── Given data

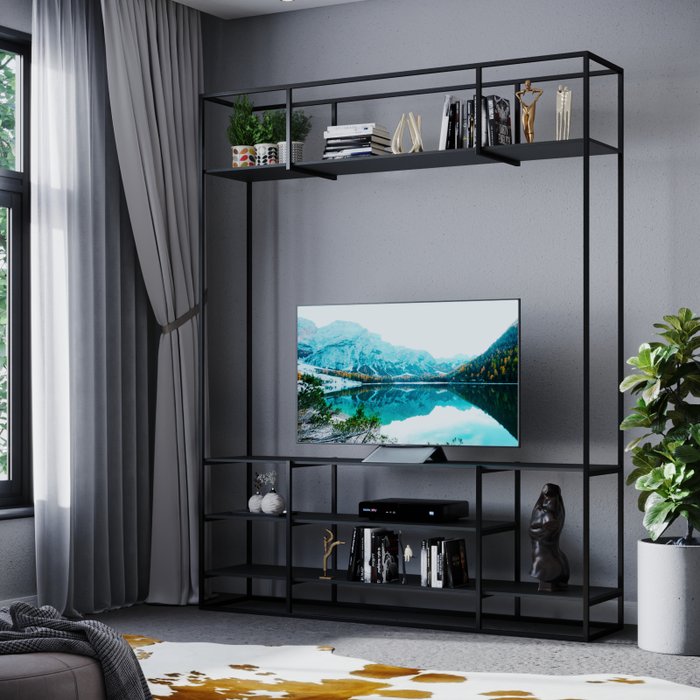 Estante Home para TV Moderna Estilo Industrial Silver 150x40x200 Cor mdf Preto
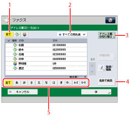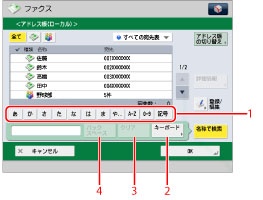[あ]、[か]、[さ]などの目次キーを押すと、その行の文字([あ]であればあ行)をポップアップ画面で表示します。ポップアップから選択すると、その文字でさらに絞り込みます。[全て]を押すと、絞り込まれた結果がクリアされて全ての宛先を表示します。
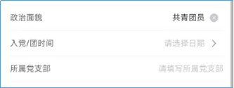 (三)更新政治面貌。政治面貌的填写,需从下拉式菜单中选择相应的选项,并在“入团/入党时间”栏目中填写相应的入团/入党时间(格式为年/月/日),党员同学请填写所属党支部信息,支部名称使用全称。
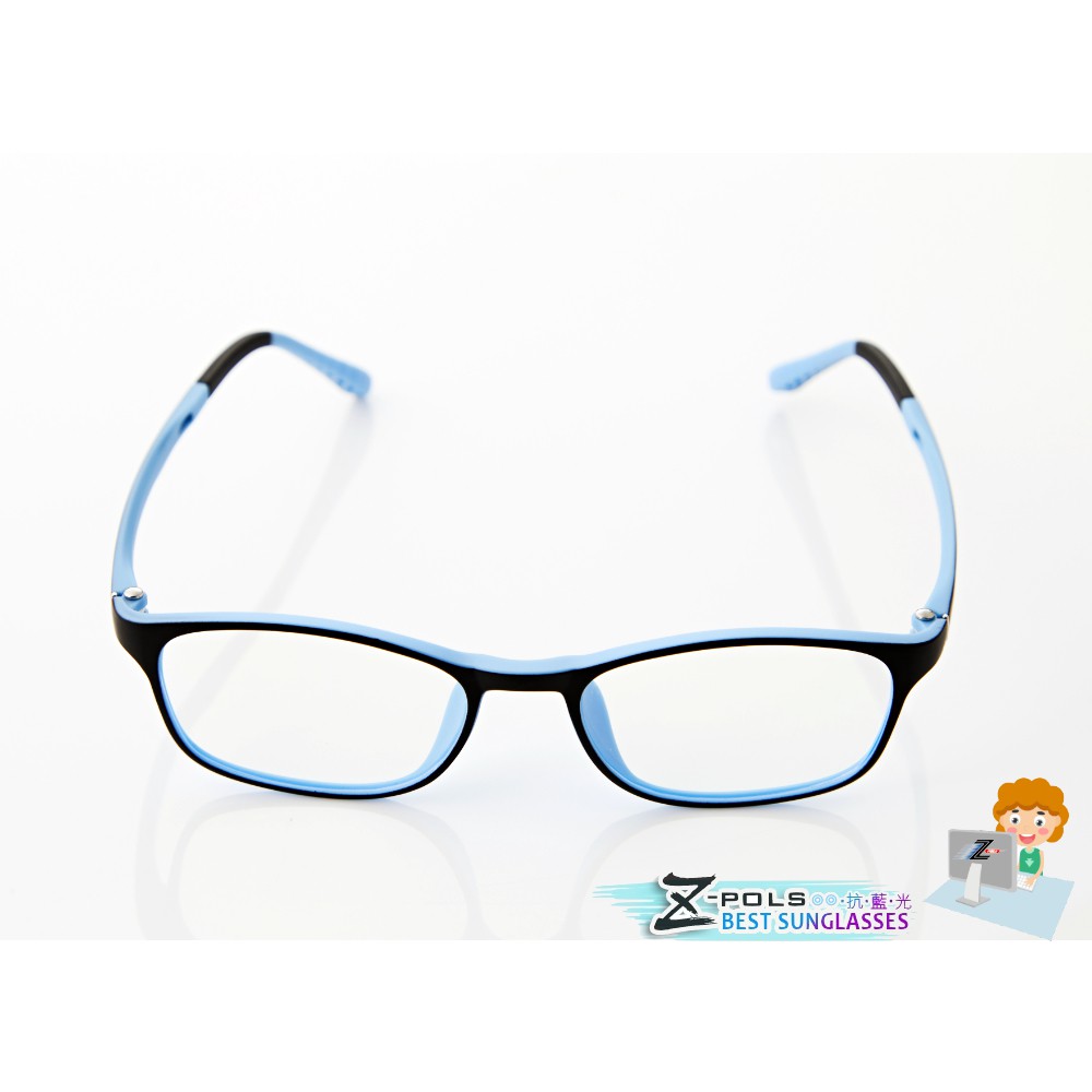 【Z-POLS】兒童專用 柔軟舒適TR90彈性輕量材質濾藍光眼鏡(抗藍光兼具抗紫外線 黑藍配色)
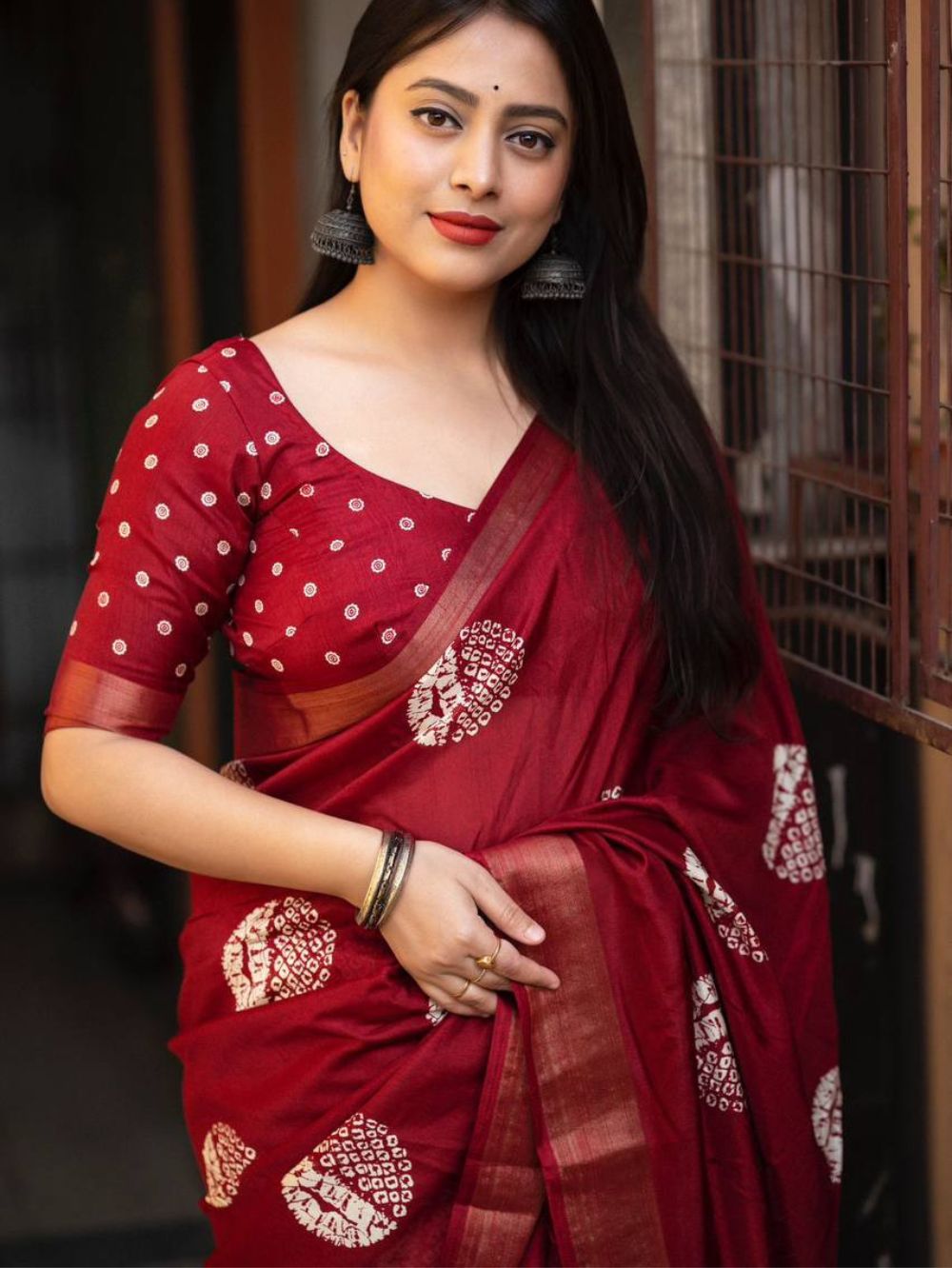 Blue Dhaara’s vibrant and lively, the Maroon saree radiates freshness and vitality, suitable for a variety of occasions from festive gatherings to casual outings. These sarees can be a popular choice for outdoor events and celebrations. Fabrics like cotton crepe lend a lightness and grace to the sarees. Intricate Batik patterns are nature inspired designs that elevate the beauty. The saree can be accessorized with earthy tones for a harmonious look.

────

**Instructions for the task**
Repeat every line of the data above exactly, but drop the pictures.

**Response to the task**
 Estante Home para TV Moderna Estilo Industrial Silver 150x40x200 Cor mdf Preto
[あ]、[か]、[さ]などの目次キーを押すと、その行の文字([あ]であればあ行)をポップアップ画面で表示します。ポップアップから選択すると、その文字でさらに絞り込みます。[全て]を押すと、絞り込まれた結果がクリアされて全ての宛先を表示します。
 (三)更新政治面貌。政治面貌的填写,需从下拉式菜单中选择相应的选项,并在“入团/入党时间”栏目中填写相应的入团/入党时间(格式为年/月/日),党员同学请填写所属党支部信息,支部名称使用全称。
 【Z-POLS】兒童專用 柔軟舒適TR90彈性輕量材質濾藍光眼鏡(抗藍光兼具抗紫外線 黑藍配色)
 Blue Dhaara’s vibrant and lively, the Maroon saree radiates freshness and vitality, suitable for a variety of occasions from festive gatherings to casual outings. These sarees can be a popular choice for outdoor events and celebrations. Fabrics like cotton crepe lend a lightness and grace to the sarees. Intricate Batik patterns are nature inspired designs that elevate the beauty. The saree can be accessorized with earthy tones for a harmonious look.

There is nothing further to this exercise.